Hellweg ran with the opportunity from the allstar break through the playoffs. He halved his walk rate to 4.2 per nine innings (dramatically better though still problematic). He boosted his groundball rate up past the 60% threshold. His K rate, already impressive, jumped to a staggering 12.2 per nine innings. He didn't give up any more homeruns. It's difficult to exaggerate just how awesome he was from July through the playoffs in September. The Big Unit reincarnate, back in right-handed form.

So how has the Hellweg who walked a batter every inning changed into the Hellweg who only issues a free pass every other inning? Here's some video I took of him in 2010:


Next, here's some footage of him from this summer (thank you Bullpen Banter):


It's not an exactly apples to apples, since Hellweg is doing the starters' full windup in the second video, but notice how he's dramatically toned down his follow through. If you want a point of reference for what I mean, track his trailing leg: in the first video, it came whipping around, and landed at different points as Hellweg spun off of the mound. With several of the pitches, it seemed like he was trying to be more deliberate with his follow through, yet he couldn't repeat the same motion twice.

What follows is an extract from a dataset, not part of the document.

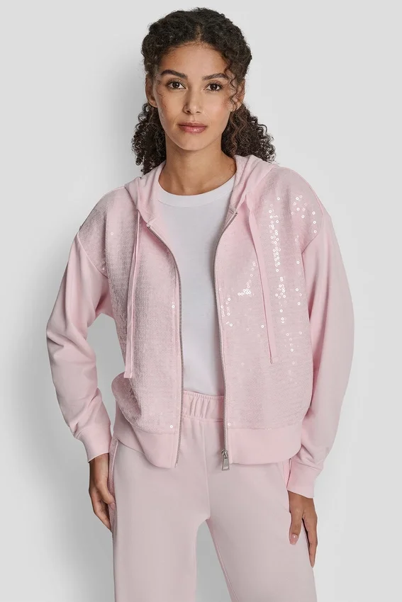 Sequin Zip Front Hoodie
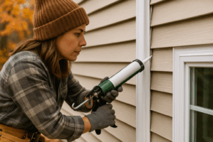 Inspect and recaulk all siding joints, window trim, and door frames annually. Remove old, cracked caulk completely before applying new. Choose polyurethane caulk for Canadian temperature extremes. Apply when temperatures range between 5°C and 30°C for proper curing.

In the second video, Hellweg is much smoother. Instead of whipping around, the trailing leg now comes around smoothly and deliberately, landing with purpose at a point roughly in line with his front foot. That rids his delivery of much of its former violence, appearing to slow down all of his mechanics. You do that with some pitchers, and the quality of their stuff suffers. Their fastball drops a few ticks, or they lose the jerky movement that had made their breaking ball special (or, in some tragic cases, both things happen). With Hellweg, the more deliberate delivery makes his fastball seem all the more explosive, appearing to jump out of his hand and on to hitters before they can react. The slurvey breaking ball remains a plus pitch in both places.

This guy could be special. While it's possible that he regress in all kinds of ways, and even in the best case scenario is likely a few years away, his ceiling is as high or higher than any of the players we've looked at yet.

10) Gabriel Perez, 06/03/1991 -- rhsp, DSL Rookie Ball.

10 wins, 1 loss. 73.2 IP, 1.47 ERA, 41 hits, 76 K/28 BB. 24 runs saved, 3.0 WAR

Perez was the staff ace of the DSL Angels this year, and his story is basically the same as the rest of the rotation: great, great numbers. Now, all we need is a scouting report. The performance had to have earned him a ticket stateside, so we'll see what he's got in the spring.